It is the language of a nascent fascism that has been brewing in the United States for some time. It is a language that is comfortable viewing the world as a combat zone, a world that exists to be plundered and a view of those deemed different as a threat to be feared, if not eliminated.

A new language aimed at fighting Trump’s romance with fascism must make power visible, uncover the truth, contest falsehoods and create a formative and critical culture that can nurture and sustain collective resistance to the oppression that has overtaken the United States, and increasingly many other countries.

No form of oppression can be overlooked.
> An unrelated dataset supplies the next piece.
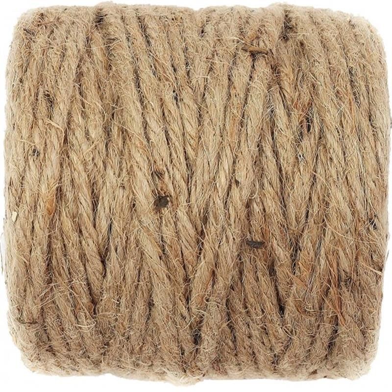 Джутовий садовий шпагат, діаметр 6 мм, довжина 60 м, натуральний колір, 100% джутове волокно.
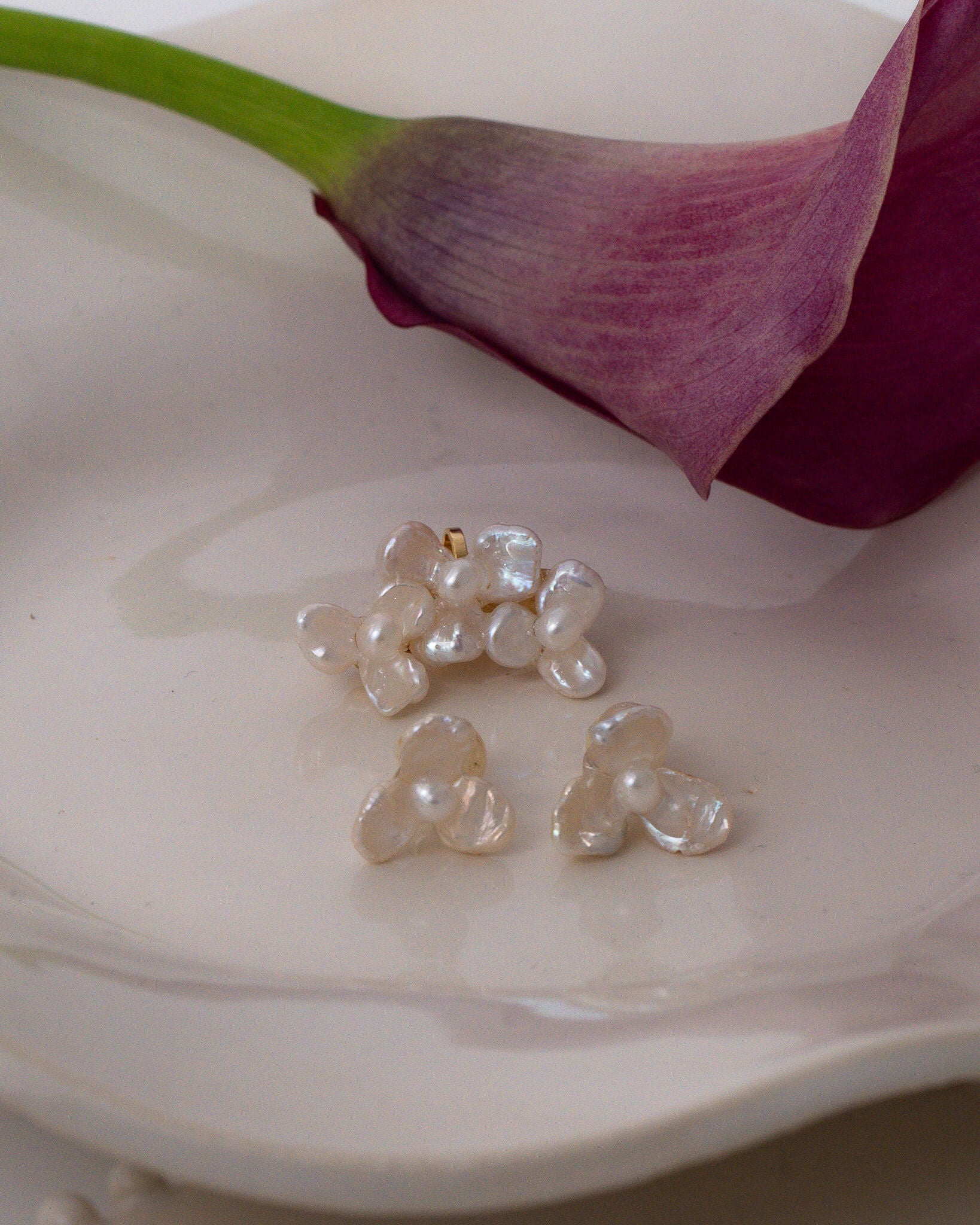 手作業でひとつひとつパールを紡ぎ、お花に仕立てたアクセサリーたちは、ギフトにもおすすめです。重ね付けをすると、ぐんと華やかな印象に。天然素材ならではの唯一無二の出会いを楽しんでいただけますように。

And with that critical gaze must emerge a critical language, a new narrative and a different story about what a socialist democracy will look like in the United States.

Reclaiming language as a force for good

There is also a need to strengthen and expand the reach and power of established public spheres, such as higher education and the critical media, as sites of critical learning.

We must encourage artists, intellectuals, academics and other cultural workers to talk, educate, make oppression visible and challenge the common-sense vocabulary of casino capitalism, white supremacy and fascism.

Language is not simply an instrument of fear, violence and intimidation; it is also a vehicle for critique, civic courage and resistance.

A critical language can guide us in our thinking about the relationship between older elements of fascism and how such practices are emerging in new forms.

Without a faith in intelligence, critical education and the power to resist, humanity will be powerless to challenge the threat that fascism and right-wing populism pose to the world.

Those of us willing to fight for a just political and economic society need to formulate a new language and fresh narratives about freedom, the power of collective struggle, empathy, solidarity and the promise of a real socialist democracy.

We would do well to heed the words of the great Nobel Prize-winning novelist, J.M. Coetzee, who states in a work of fiction that “there will come a day when you and I will need to be told the truth, the real truth ….no matter how hard it may be.”

Democracy, indeed, can only survive with a critically informed and engaged public attentive to a language in which truth, rather than lies, become the currency of citizenship.